The crowd went full popcorn mode. One user cheered that with a “3-letter guy” onboard (djb!), this could be another sleeper hit like Rust or Go. Another called for Fil-C to be required for APT—Debian’s package manager—throwing shade at Rust’s push into system tools and restarting that old flame war with fresh kindling. The vibe split hard: safety-first fans love that Fil-C catches memory bugs and stops programs safely (thanks to garbage collection and “InvisiCaps,” djb’s term for invisible safety checks). Speed freaks snarked about the slowdown and the 36GB swap flex.
There were jokes, too: someone was tickled that a crypto legend is copy-pasting bash + curl install lines like the rest of us. Others memed “press curl to install safety,” while pragmatists shrugged, saying middle-aged Linux tools are “done” and this might finally be the training wheels they’ll accept.
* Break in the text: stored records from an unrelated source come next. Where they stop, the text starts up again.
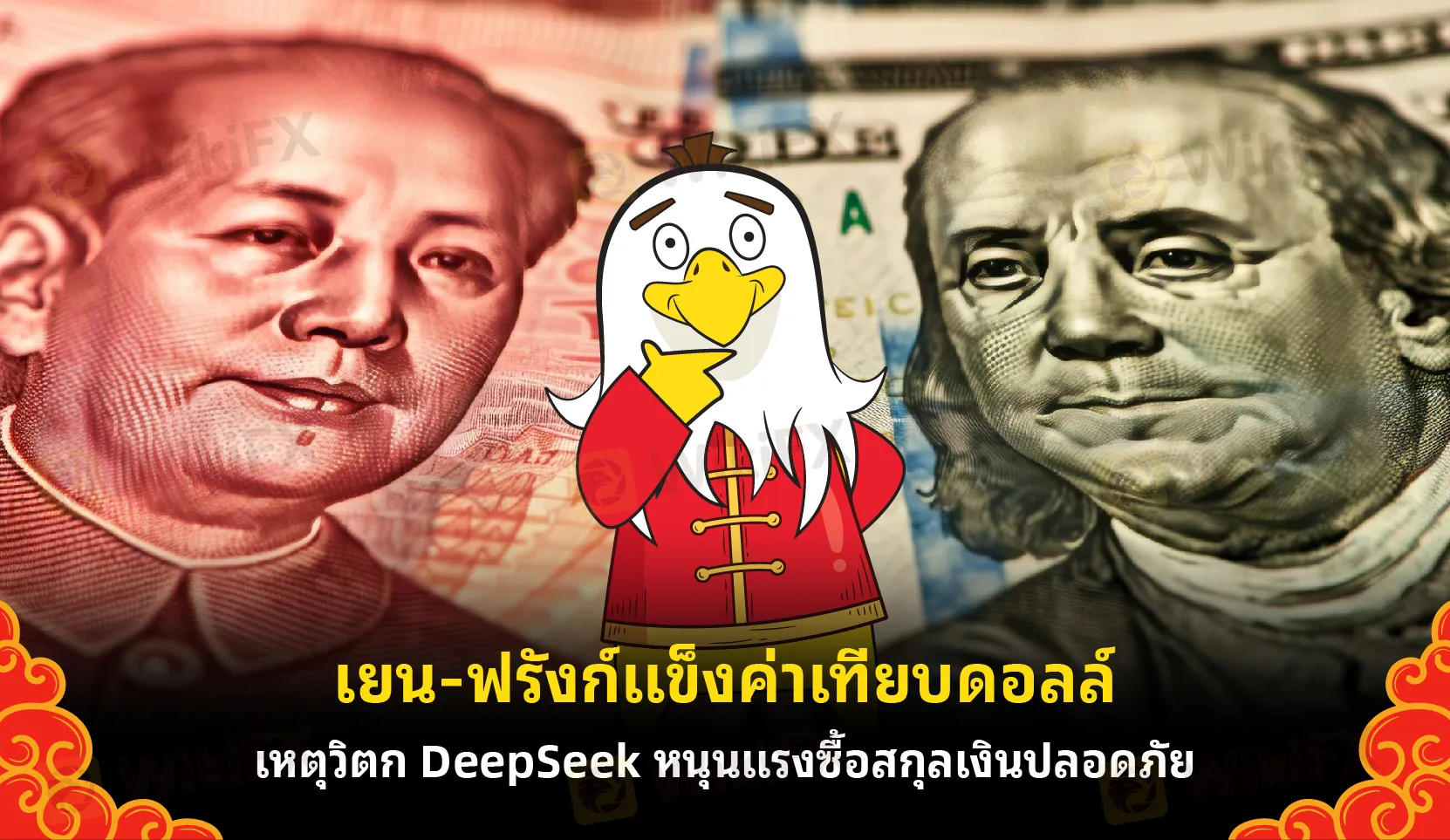 สกุลเงินเยนและฟรังก์สวิสแข็งค่าเมื่อเทียบกับดอลลาร์สหรัฐ ในการซื้อขายที่ตลาดปริวรรตเงินตรานิวยอร์กในวันจันทร์ (27 ม.ค.) เนื่องนักลงทุนพากันเข้าซื้อสกุลเงินปลอดภัย ท่ามกลางการทรุดตัวของหุ้นกลุ่มเทคโนโลยี หลังการเปิดตัวโมเดล AI จากบริษัทดีปซีค (DeepSeek) ของจีน ซึ่งอาจส่งผลกระทบต่อตลาดเทคโนโลยีของสหรัฐฯ
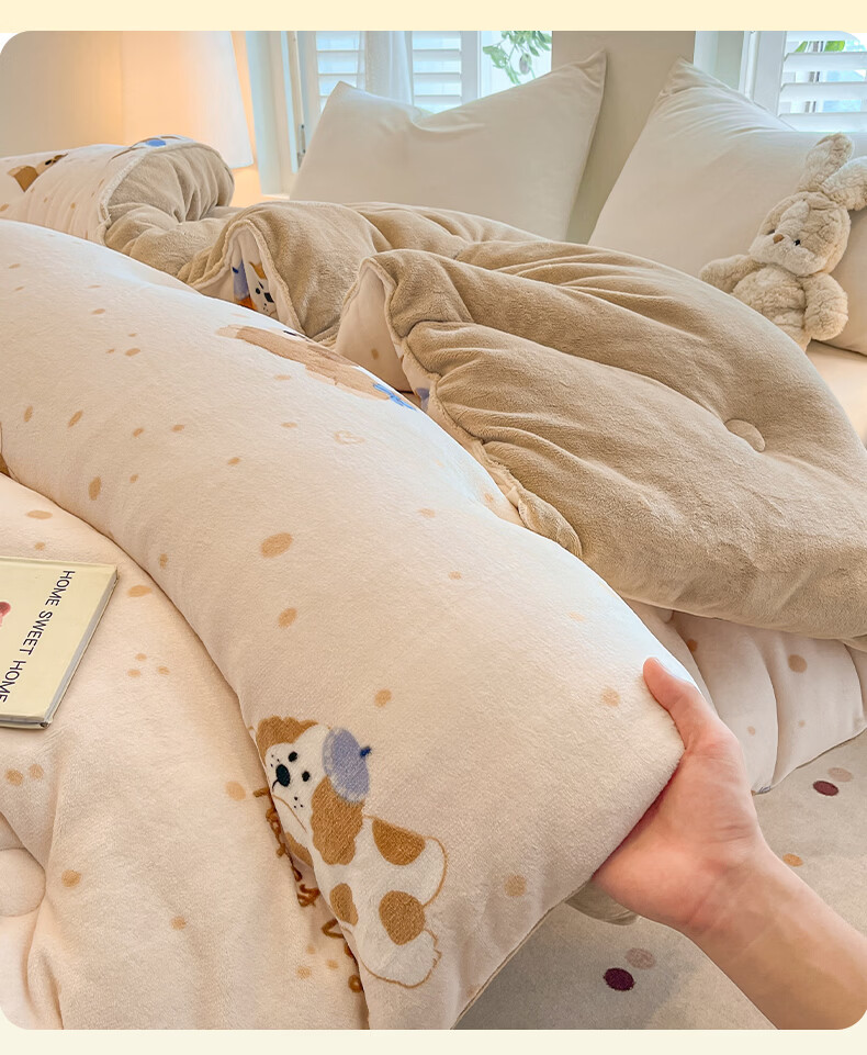 一默四件套秋冬季牛奶绒被套床单枕套家纺床上用品姜饼人牛奶绒四件套 姜饼人 床单款 (被套200*230cm) 四件套
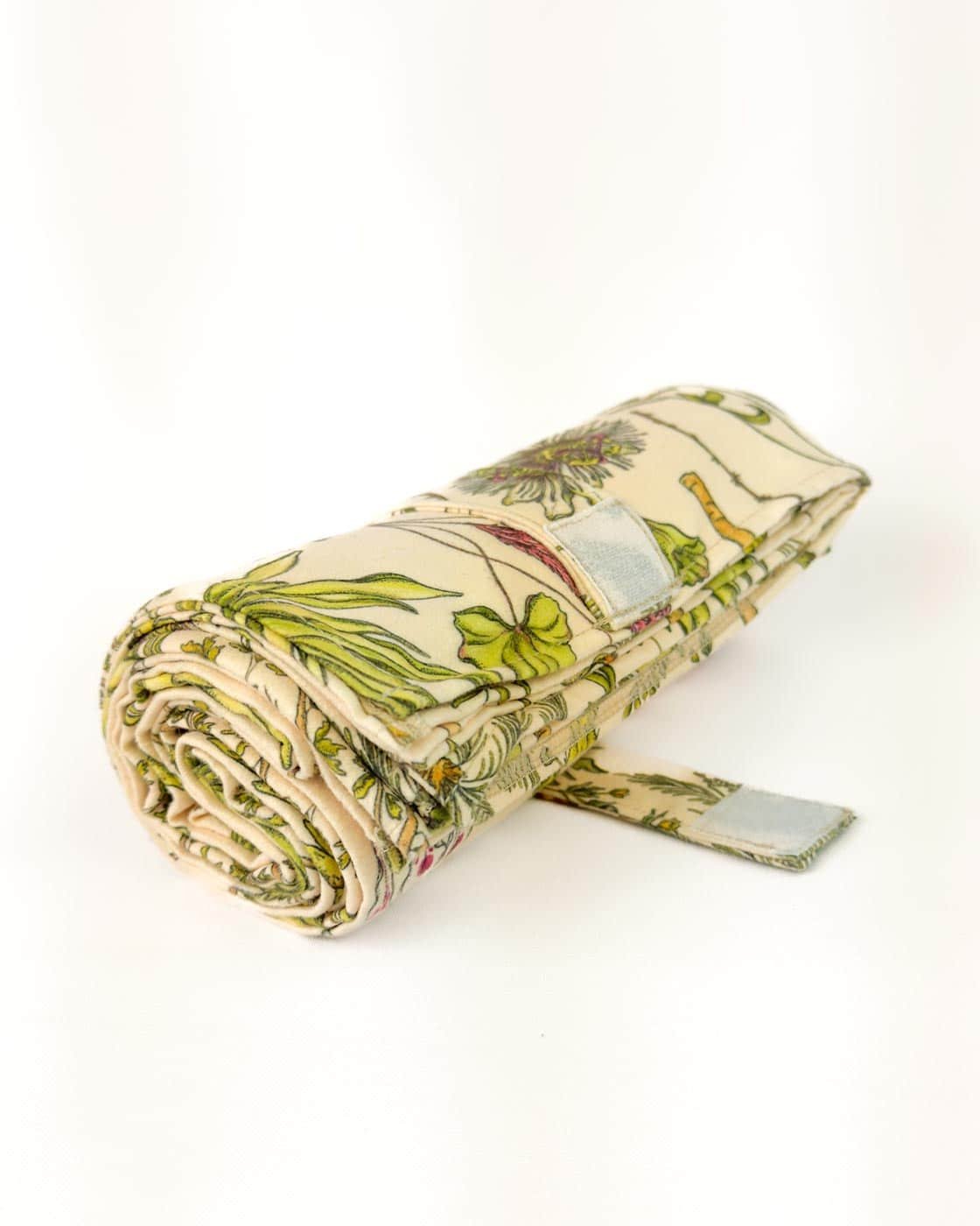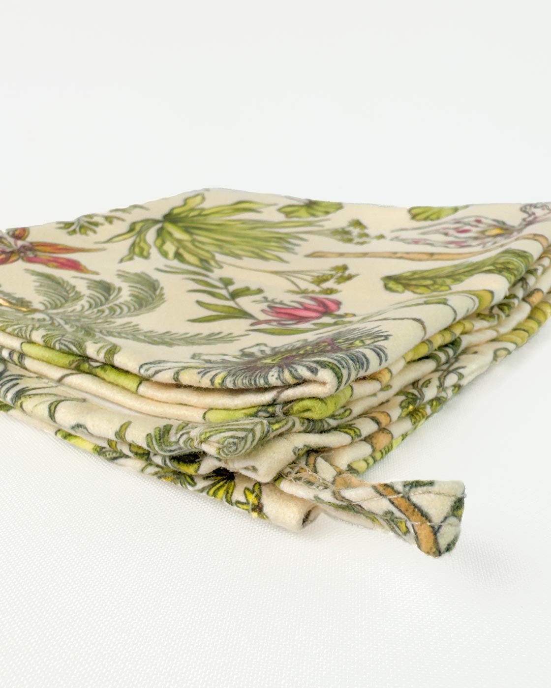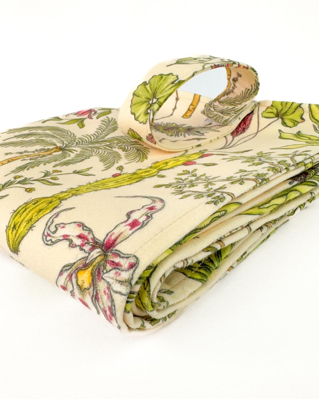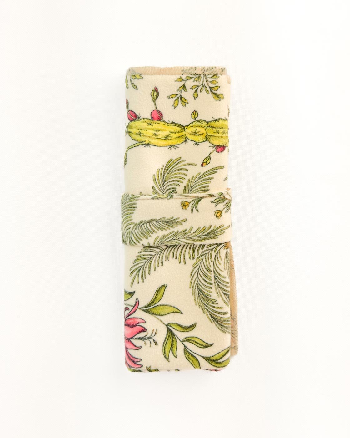 Vienen con nuestro estampado “Vegetación de La Sierra, heterogénea, relacional y vital – Un panorama de colores, tamaños y formas que cambia cada paso hacia arriba. Desde el mar caribe hasta los picos nevados, a cada planta de La Sierra se le asignó una función ecológica y espiritual que cumplir en el tejido de la vida. Hay plantas medicinales, comestibles, de uso ceremonial, para construir y tinturar.”. Un diseño inspirado en nuestro viaje a Ciudad Perdida en el departamento de Magdalena para la colección La Sierra Nevada, un llamado al cuidado de la Vida.

Whether Fil-C becomes the new default or just a niche fortress, djb’s endorsement turned a quiet project into a loud debate.
Key Points
- •Fil‑C showed high compatibility, with many libraries and applications working without changes.
- •Scripts were provided: an audit script, a filian‑install‑compiler (86m real time) to build Fil‑C+glibc+binutils on Debian 13, and a filian‑install‑packages script that builds some Debian packages (e.g., bzip2).
- •Microbenchmarks (≈9000) on Zen 4 show Fil‑C‑compiled crypto code typically needs 1x–4x the cycles compared to clang.
- •An alternative unprivileged setup via Filnix (by Mikael Brockman) lets Debian 12 users install Fil‑C and run a Fil‑C‑compiled Nethack using nix‑user‑chroot and Nix flakes.
- •Musl is an option but incompatible with several packages; building Fil‑C and glibc requires substantial memory, with successful runs using 36GB swap (~19GB used) plus 12GB RAM.